» To do:
Reproduce the full listing as it stands. Images do not belong in the copy.
The data Start Marker
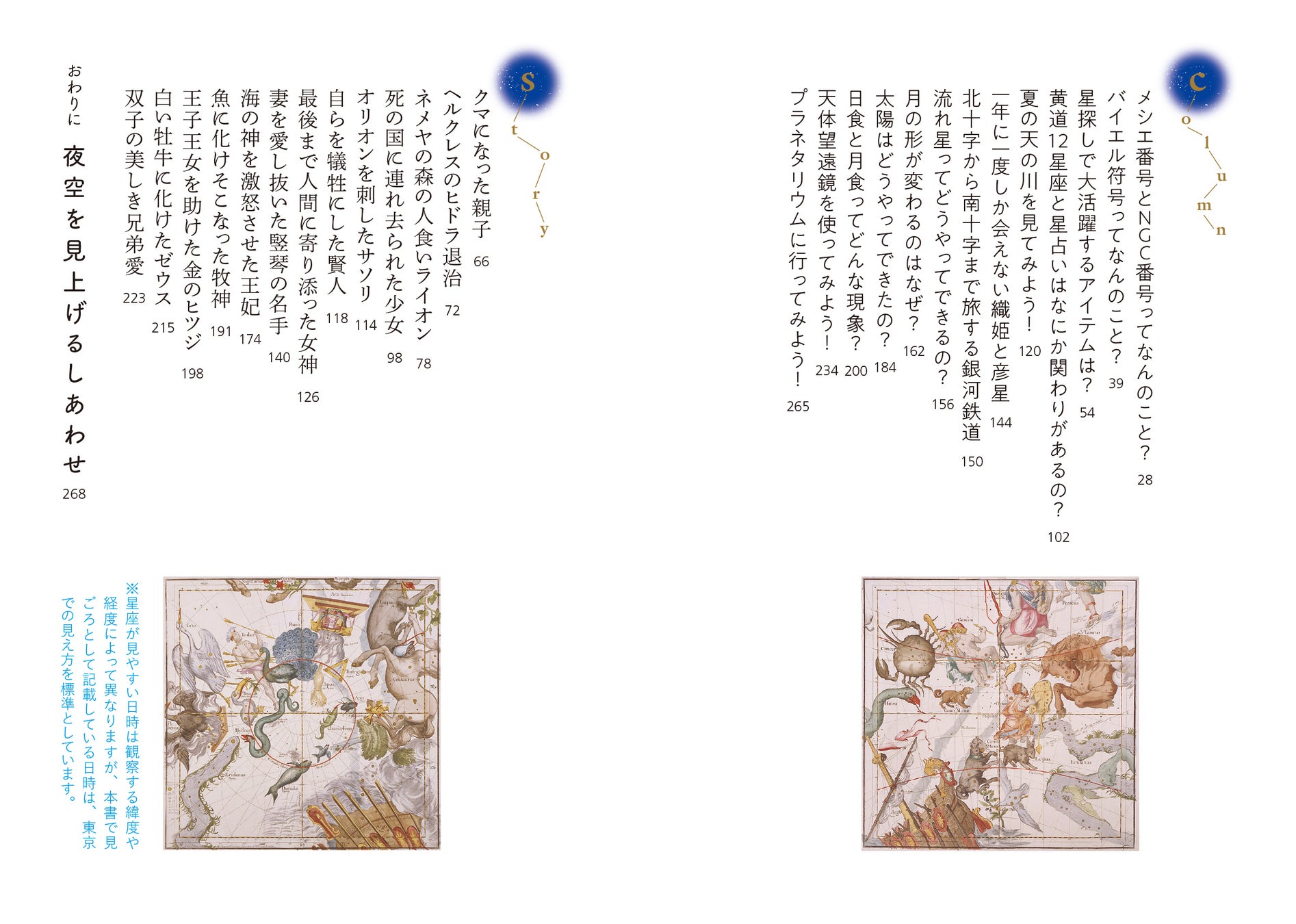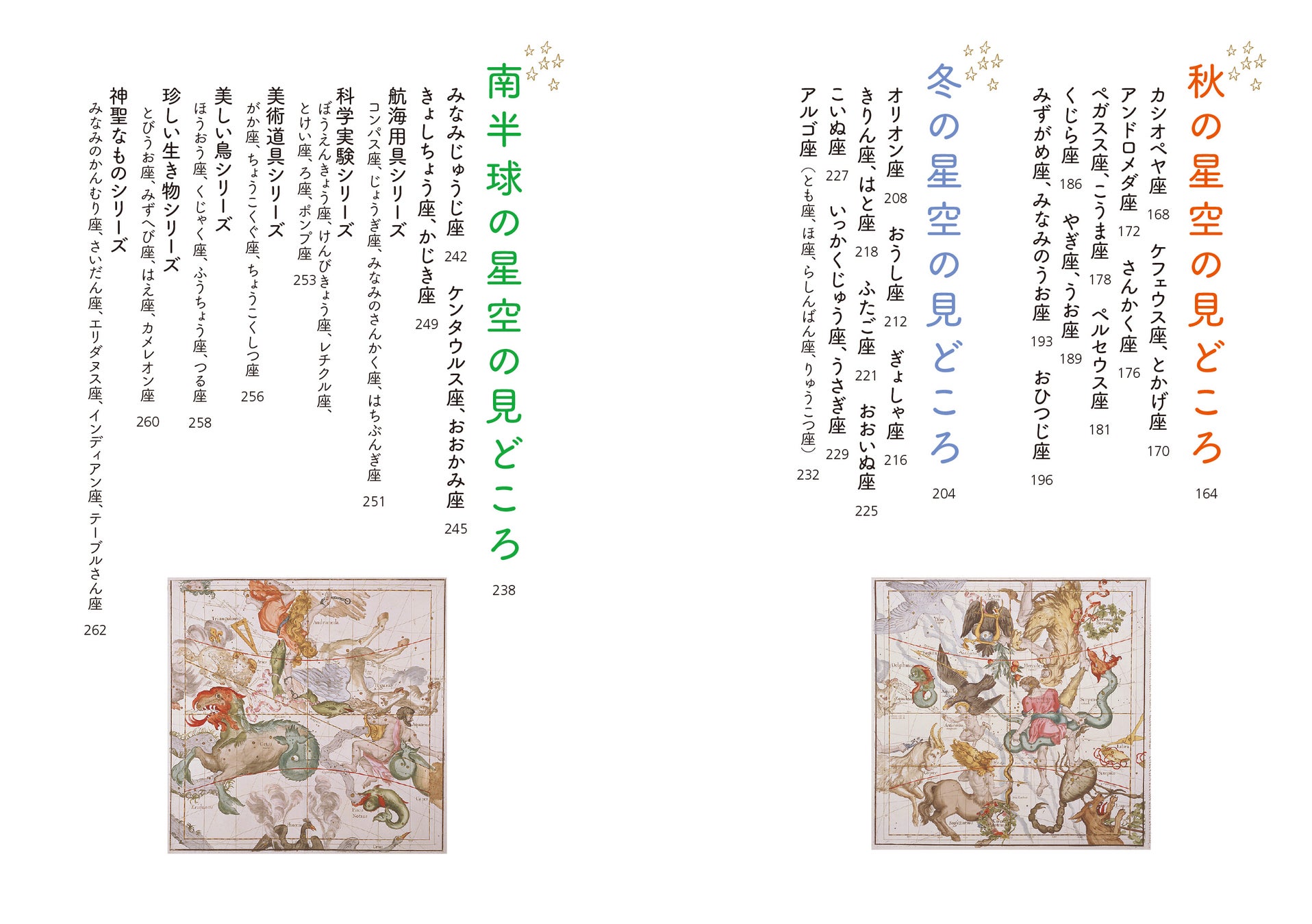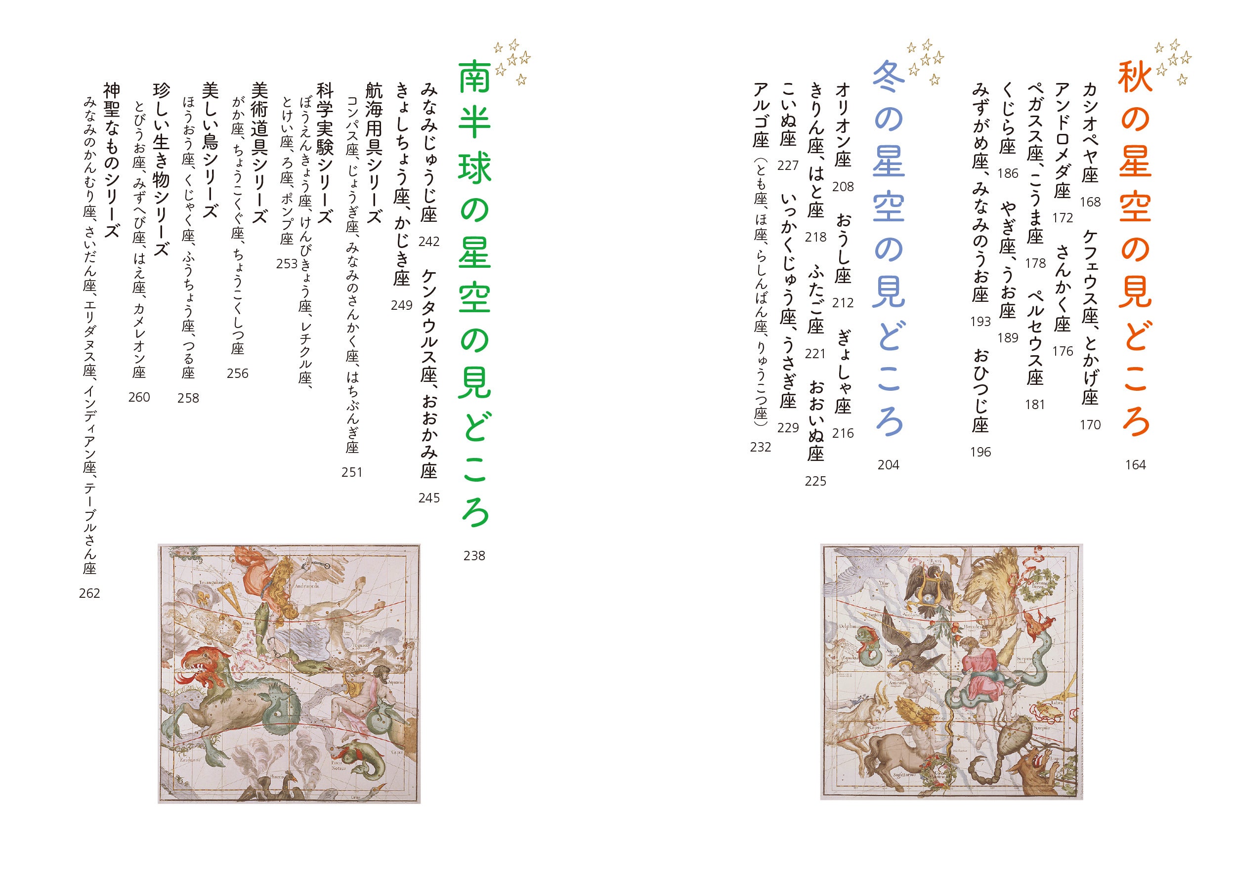 春夏秋冬の星座から、一度は見たい南半球の星座まで。最初から読まなくても、季節によって、また知りたい星があればその星のところからでも、いつでもみなさんの手元に置いてご覧ください。
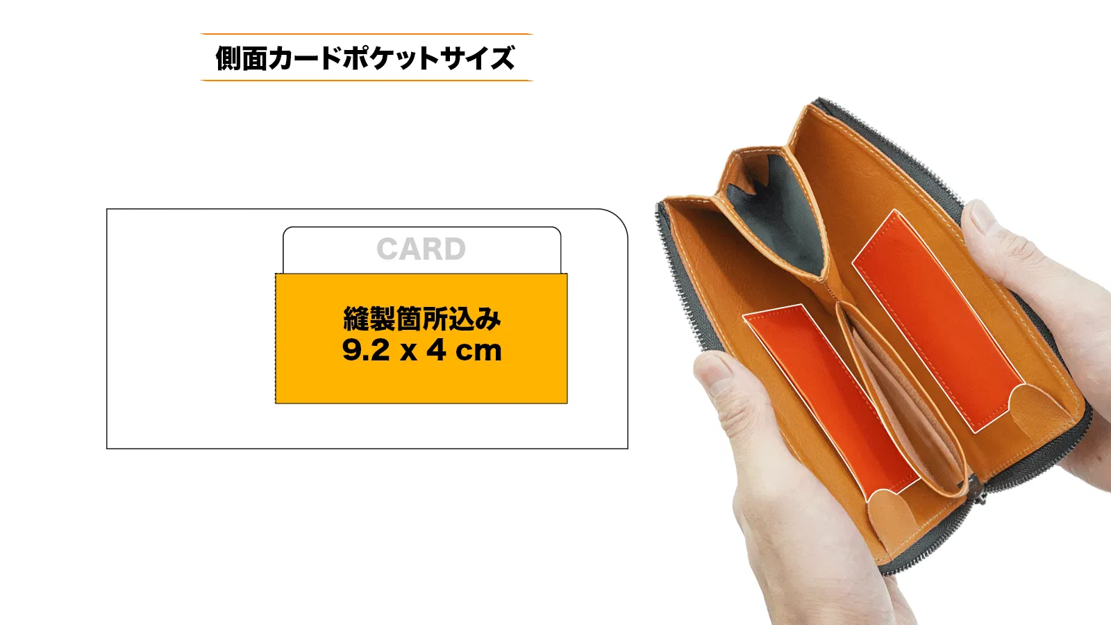 限られたスペースの有効利用で収納力と機能性を高めるように、財布外側の隙間に秘密の収納=シークレットポケットを追加しました。
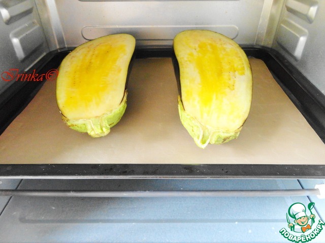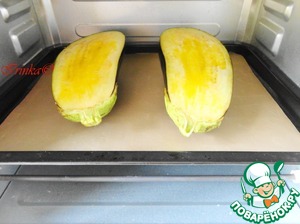 Баклажан кладем на противень, смазываем срез оливковым маслом и запекаем 25 минут до мягкости.
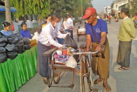 "ကိုဗစ်-၁၉ ရောဂါ ကာကွယ်၊ ထိန်းချုပ်ရေးကာလတွင် မြို့နယ်အတွင်း ခရီးသည်ပြည်သူများ နည်းပါးနေသဖြင့် ကျွန်တော်တို့ဝင်ငွေရရှိမှုမှာလည်း အရင်ထက်စာရင် ဝင်ငွေနည်းပါးနေပါတယ်၊ ခုလို အလှူရှင်များမှ စေတနာထက်သန်စွာ လှူဒါန်းပေးသောကြောင့် ကျေးဇူးတင်ပါသည်ဟု" အနှေးယာဉ် လုပ်သားတစ်ဦး က ပြောကြားသည်။
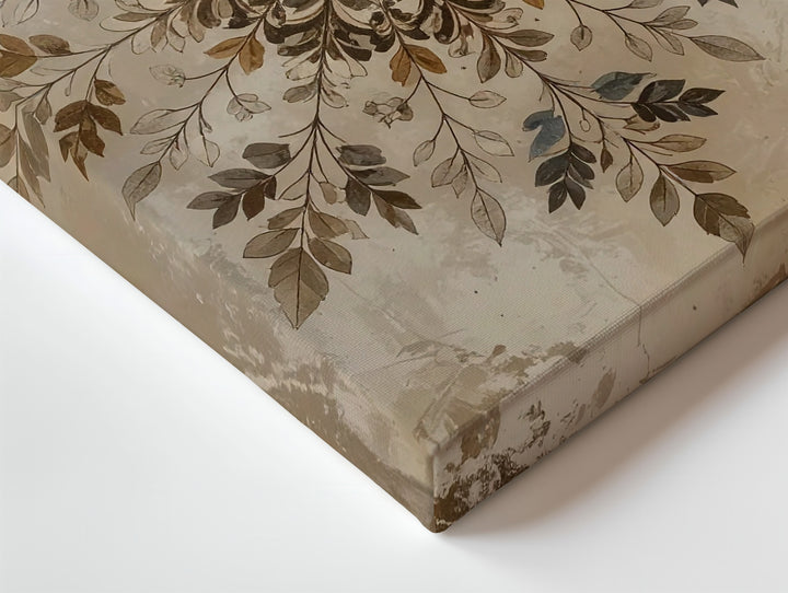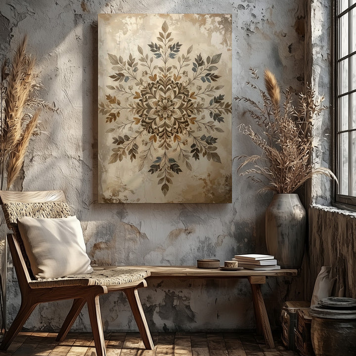 This vintage-style canvas features a symmetrical snowflake design crafted from dried leaves, twigs, and muted foliage in earthy, organic tones. Set against a textured beige background that evokes the warmth of aged parchment, the piece blends botanical art with the symbolism of winter. The soft browns, grays, and greens create a rustic and refined feel, bringing the natural world into your space with subtle sophistication. It’s a unique and elegant take on seasonal decor that celebrates the quiet charm of winter’s simplicity.
The data End Marker
» Written solution:
 春夏秋冬の星座から、一度は見たい南半球の星座まで。最初から読まなくても、季節によって、また知りたい星があればその星のところからでも、いつでもみなさんの手元に置いてご覧ください。
 限られたスペースの有効利用で収納力と機能性を高めるように、財布外側の隙間に秘密の収納=シークレットポケットを追加しました。
 Баклажан кладем на противень, смазываем срез оливковым маслом и запекаем 25 минут до мягкости.
 "ကိုဗစ်-၁၉ ရောဂါ ကာကွယ်၊ ထိန်းချုပ်ရေးကာလတွင် မြို့နယ်အတွင်း ခရီးသည်ပြည်သူများ နည်းပါးနေသဖြင့် ကျွန်တော်တို့ဝင်ငွေရရှိမှုမှာလည်း အရင်ထက်စာရင် ဝင်ငွေနည်းပါးနေပါတယ်၊ ခုလို အလှူရှင်များမှ စေတနာထက်သန်စွာ လှူဒါန်းပေးသောကြောင့် ကျေးဇူးတင်ပါသည်ဟု" အနှေးယာဉ် လုပ်သားတစ်ဦး က ပြောကြားသည်။
 This vintage-style canvas features a symmetrical snowflake design crafted from dried leaves, twigs, and muted foliage in earthy, organic tones. Set against a textured beige background that evokes the warmth of aged parchment, the piece blends botanical art with the symbolism of winter. The soft browns, grays, and greens create a rustic and refined feel, bringing the natural world into your space with subtle sophistication. It’s a unique and elegant take on seasonal decor that celebrates the quiet charm of winter’s simplicity.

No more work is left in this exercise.